Checker Framework logo

This part of the tutorial shows how the Checker Framework can detect and help correct missing input validation.

1. The RegexExample program

If you have not already done so, download the source files for the tutorial.

The RegexExample.java program is called with two arguments: a regular expression and a string. The program prints the text from the string that matches the first capturing group in the regular expression.
Compile the program:

$ javac RegexExample.java

2. Run the RegexExample program

Run the program with a valid regular expression and a matching string:

$ java RegexExample '[01]?\d-([0123]?\d)-\d{4}+' '01-24-2013'
Group 1: 24

Run the program with an invalid regular expression and any string:

$ java RegexExample '[01]?[\d-[0123]?\d-\d{4}+' '01-24-2013'
Exception in thread "main" java.util.regex.PatternSyntaxException: Unclosed character class near index 24
[01]?[d-[0123]?d-d{4}+
                     ^
        at java.util.regex.Pattern.error(Pattern.java:1924)
        at java.util.regex.Pattern.clazz(Pattern.java:2493)
        at java.util.regex.Pattern.sequence(Pattern.java:2030)
        at java.util.regex.Pattern.expr(Pattern.java:1964)
        at java.util.regex.Pattern.compile(Pattern.java:1665)
        at java.util.regex.Pattern.<init>(Pattern.java:1337)
        at java.util.regex.Pattern.compile(Pattern.java:1022)
        at RegexExample.main(RegexExample.java:13)

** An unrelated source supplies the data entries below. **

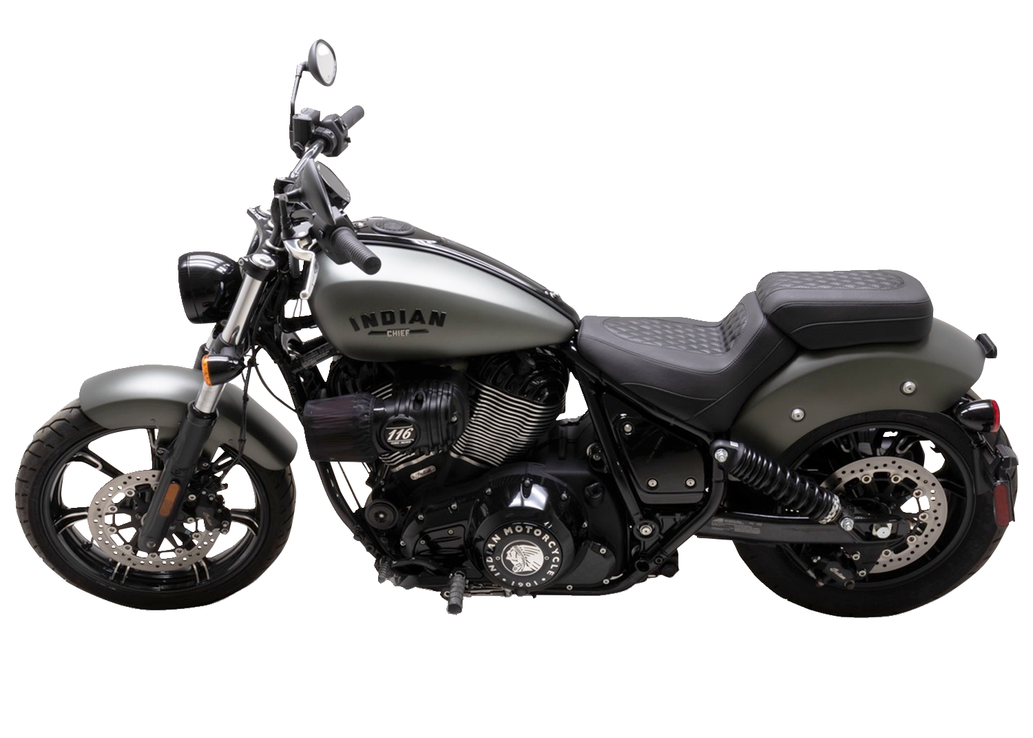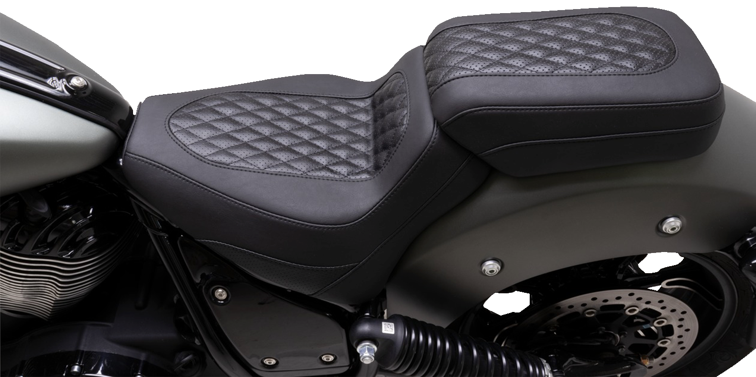Add an aggressive style and upgrade your comfort on your Chief with the Squareback* by Mustang, The solo seat has an aggressive look and a generous rise with a 10.25" wide seating area, Bucketed rider area provides excellent support and diamond-stitched perforated center panels, Places the rider at a similar reach compared to stock, 7.25" wide passenger area allows for comfortable 2-up riding if you choose to pair it with a passenger seat that overlaps the top of the solo for more driver back support, Hand sewn cover with classic single diamond stitching made from marine-grade expanded vinyl, Mustang's proprietary controlled-density foam formula requires no break-in and retains shape and support after years of use, Marine-grade fiberglass baseplate for long-lasting support and durability, with polyurethane bumpers to absorb vibration, Made in the U.S.A.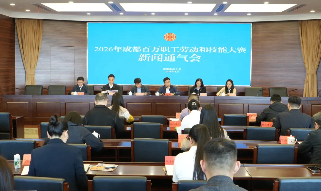 4月9日,成都市总工会召开2026年成都百万职工劳动和技能大赛新闻通气会,通报大赛整体安排、解读赛事背景,相关区(市)县、市产业工会、企业工会代表现场发言,详解赛事筹备及推进举措。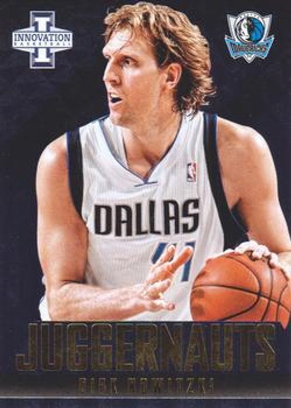 The Dirk Nowitzki 2013 Innovation #27 Juggernauts card is 1 of 16 Dirk Nowitzki's card variations in the 2013 Innovation set being tracked by Sports Card Investor, including Rookie View - Purple, Memorable Memorabilia /299, Rookie View /199, Stat Line Jerseys /125, and Kaboom! /(SSP).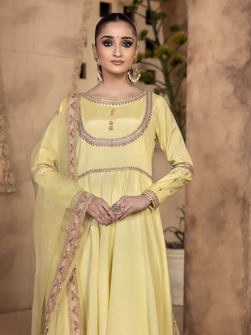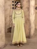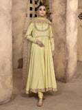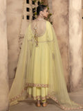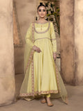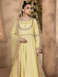 Lime Yellow raw silk anarkali style peshwaas with hanging gota tassels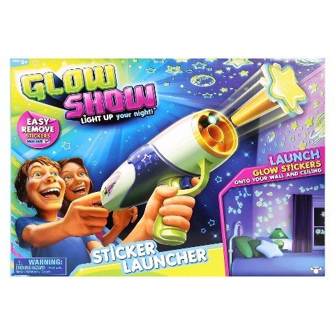 -. Binding : Toy -. Brand : GLOW SHOW -. EAN : 0756250300673 -. Feature : LIGHT UP YOUR NIGHT WITH A GLOW SHOW!!! / LIGHT CHARGER: It's time to shine! Charge up your sticker with light and aim your launcher! / PROJECTOR: Use your projector to bring you Glow Show to life! / TRIGGER: Ready! Set! Glow! Shoot the Stickers onto your walls and celiings! -. IsAdultProduct : 0 -. Label : MOOSE -. Manufacturer : MOOSE -. MPN : 13102 -. PartNumber : 13102 -. ProductGroup : Toy -. ProductTypeName : TOYS_AND_GAMES -. Publisher : MOOSE -. Studio : MOOSE -. Title : GLOW SHOW STICKER LAUNCHER, TOY PROJECTOR, FOAM BLASTER NERF GUN, DART GUN,GLOW IN THE DARK -. UPC : 756250300673
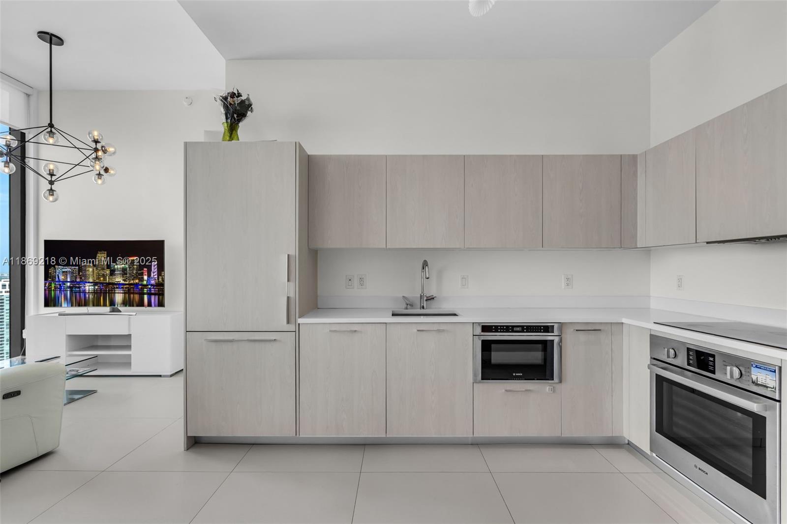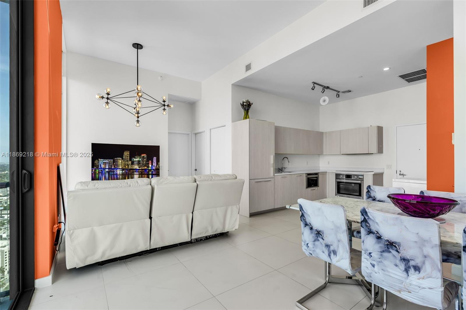 Vacant and ready to move in, this partially furnished 2 bed / 2 bath at Paraiso Bayviews features a smart split floor plan, floor-to-ceiling windows, and a spacious terrace with stunning bay and city views. Contemporary kitchen with Bosch appliances, custom cabinetry, and quartz countertops. Primary suite includes walk-in closet and luxurious bath. Finishes include white ceramic floors, blackout shades, impact glass, and in-unit washer/dryer. Full-service building with rooftop pool, sunset pool, fitness center, spa, tennis & paddle courts, kids playroom, billiards, theater, business center, valet and 24/7 concierge. Prime Edgewater location near Wynwood, Midtown, Design District, and Miami Beach. Partially furnished and move-in ready.

Good programming style dictates that the user should not see a stack trace, even if the user supplies invalid output.

3. Run the Regex Checker

The Regex Checker prevents, at compile time, use of syntactically invalid regular expressions and access of invalid capturing groups. In other words, it prevents you from writing code that would throw certain exceptions at run time. Next run the Regex Checker to see how it could have spotted this issue at compile time.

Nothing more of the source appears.